On the flip side, extending your sleep duration has a real performance payoff. Studies show that athletes who habitually slept about seven hours per night and then increased their sleep by 45 to 113 minutes saw improvements in reaction time and psychomotor vigilance. If you’re training hard and sleeping under seven hours, adding even 30 to 45 minutes of sleep will likely do more for your performance than an extra training session.

Eat Enough Protein and Fuel Your Training

The International Society of Sports Nutrition recommends that physically active people consume 1.4 to 2.0 grams of protein per kilogram of body weight per day.
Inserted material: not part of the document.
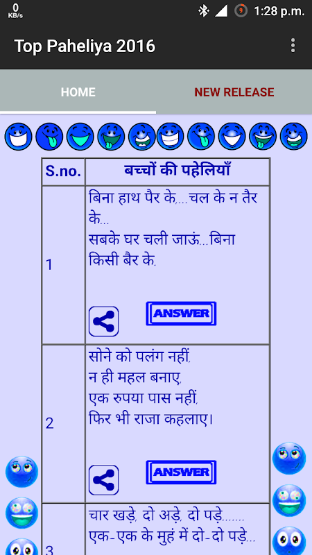 You can use this app to have access to number of riddles (Paheliyan) and amaze your friends with funny anf mind twisting riddles.

Where you fall in that range depends on your training emphasis. Endurance-focused athletes should aim for the lower end (around 1.4 g/kg), people doing mixed training like team sports should target the middle (around 1.6 to 1.7 g/kg), and those focused on strength and power should aim higher (1.6 to 2.0 g/kg). For a 175-pound (80 kg) person, that’s roughly 112 to 160 grams of protein per day.

Carbohydrates matter more than many people realize, especially for longer or more intense sessions. For training lasting under an hour, you generally don’t need to eat during the workout. Once sessions extend past an hour, taking in 30 to 60 grams of carbohydrate per hour helps maintain performance. For sessions lasting two hours or more, carbohydrate becomes critical fuel, and intake at the higher end of that range (60 to 80 grams per hour) produces the best results. Sports drinks, gels, bananas, or dried fruit all work. Outside of workouts, fill the rest of your diet with whole carbohydrate sources, healthy fats, fruits, and vegetables to support recovery and overall health.